Commodore
Commodore
510 views

GWIA: "link recovery" messages

GW 18.1.1 -134884 on OES 2018 SP1

Since I have installed a new server for GWIA for IMAP/POP I see a lot of messages like this in the log:

1021gwia.214:16:55:50:946 6FF0 The agent is attempting to reestablish the GroupWise link.
1021gwia.214:16:56:00:949 6FF0 GroupWise link recovery successful.
1021gwia.217:16:56:20:958 6FF0 The agent is attempting to reestablish the GroupWise link.
1021gwia.217:16:56:30:961 6FF0 GroupWise link recovery successful.
1021gwia.21d:17:00:30:043 6FF0 GroupWise link recovery successful.
1021gwia.21f:17:01:10:061 6FF0 GroupWise link recovery successful.
1021gwia.225:17:18:20:481 6FF0 The agent is attempting to reestablish the GroupWise link.
1021gwia.227:17:18:40:491 6FF0 GroupWise link recovery successful.
1021gwia.22d:17:23:10:582 6FF0 The agent is attempting to reestablish the GroupWise link.
1021gwia.22d:17:23:20:584 6FF0 GroupWise link recovery successful.

GWIA also sends "Agent Information" mails containing this:

The communications link to the GroupWise mail system is back up.

I don't see any lost links, and I don't have any reports about problems.

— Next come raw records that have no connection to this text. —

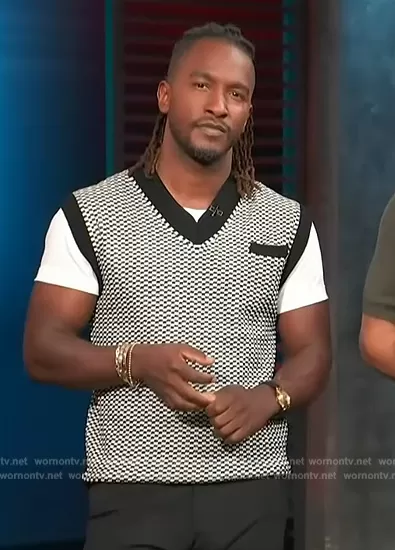 Scott Evans on Access Hollywood on NBC was spotted wearing this v-neck vest on Access Hollywood on Aug 29 2023's episode. Scott's Vest is the Roy Cotton Regular Fit V Neck Sweater Vest by Helmut Lang.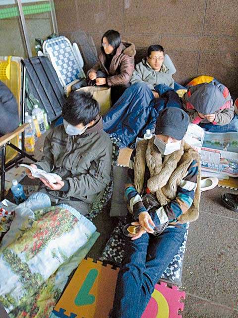 臺北市府一樓的申請路權排隊區,國民黨與民進黨分別派人漏夜排隊,還準備睡袋。圖片來自臺媒
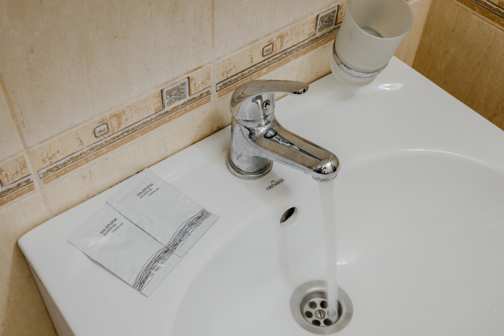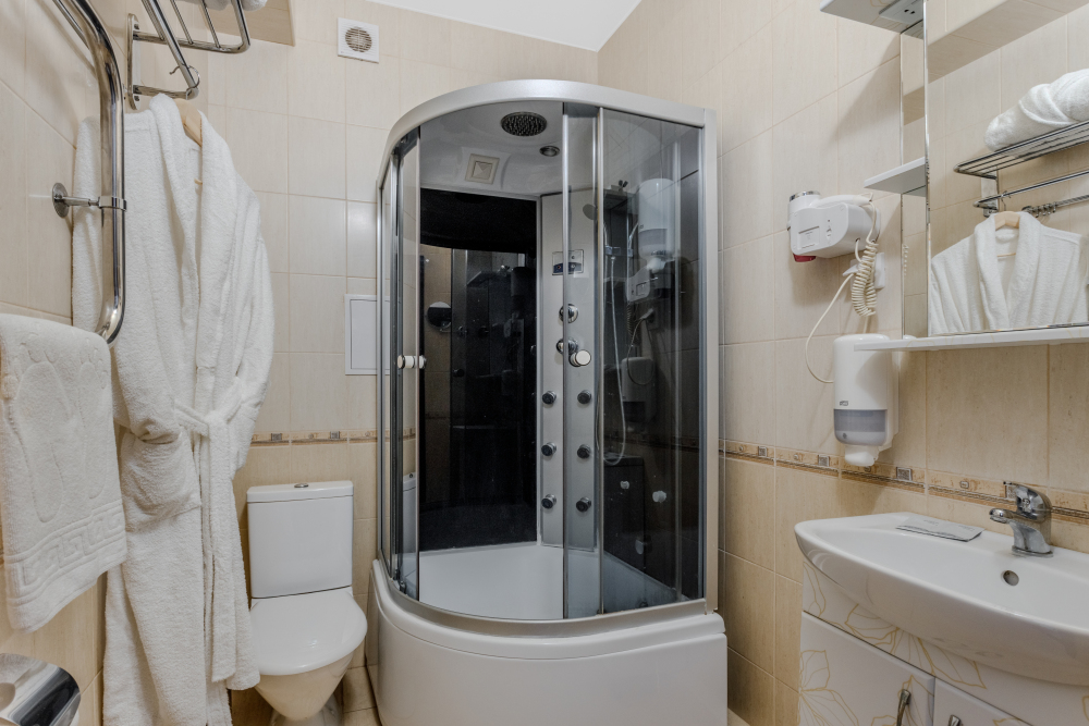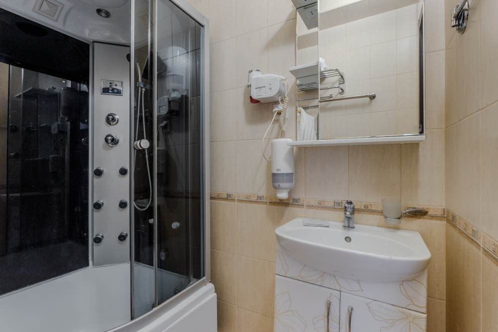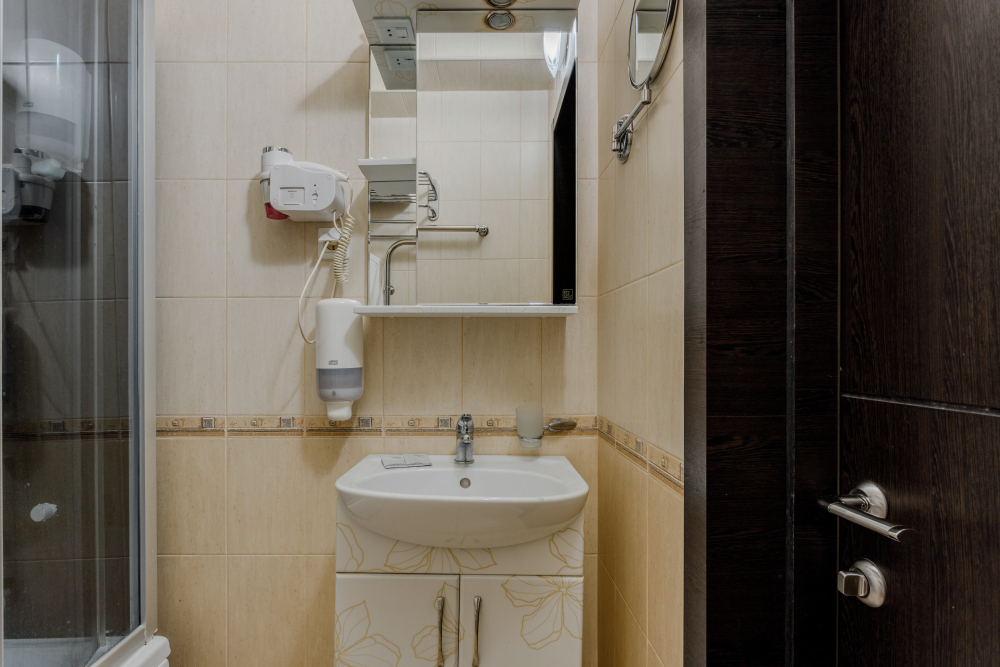 Ванная комната оснащена эргономичной сантехникой. Кроме того, в ней есть зеркало и фен.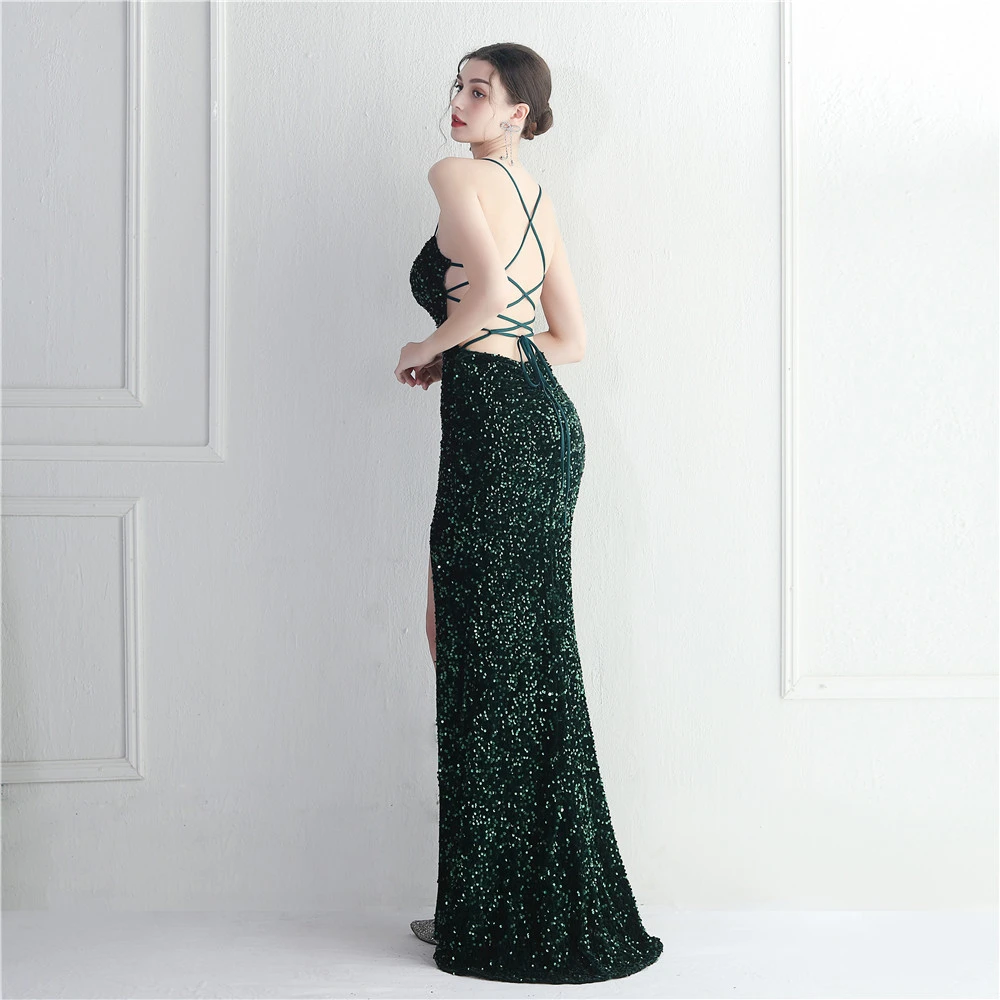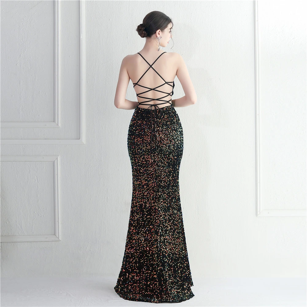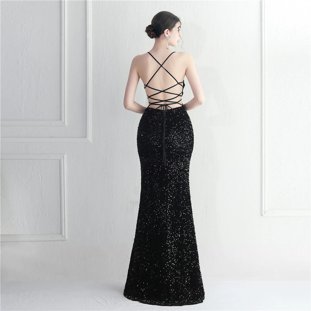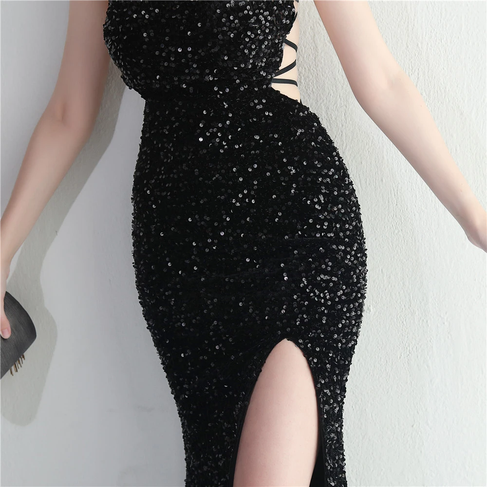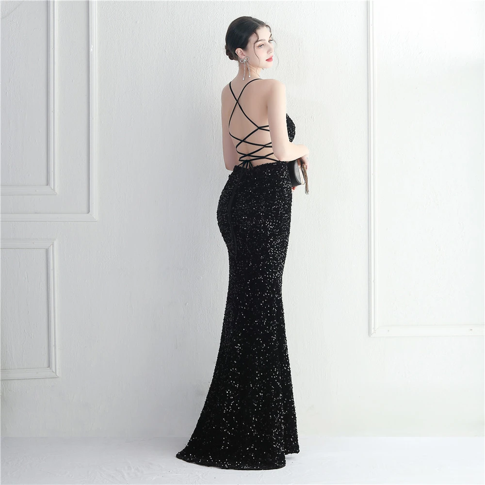 Supply Velvet Bottom Sequin European And American Halter Neck Sling Nightclub Dress Long Fishtail Evening Dress

Any idea, what's the meaning or cause of these messages?

Thanks,

Mirko

Labels (1)
0 Likes
8 Replies
Knowledge Partner Knowledge Partner
Knowledge Partner

Since I have installed a new server for GWIA for IMAP/POP I see a lot of messages like this in the log:

I haven't seen those before.

Did they occur before you even had users pointing to them?

How is this GWIA connected to the rest of the system?   how close? (hops, ping times)
Is it on its own server without any other GW agents?
do those messages correspond to busy times or do they continue at about the same rate through the quietest times?

 

 

___
“i’ve sworn an oath of solitude til the blight is purged from these lands”
Andy of Konecny Consulting in Toronto
Knowledge Partner Profile
If you find a post helpful, click the Like button below. Thanks!
0 Likes
Commodore
Commodore

I don't have old enough logfiles, so I can't tell for sure, but I think the messages only came with user traffic; also the messages come most frequently during working hours - so I think this somehow has do to with user traffic.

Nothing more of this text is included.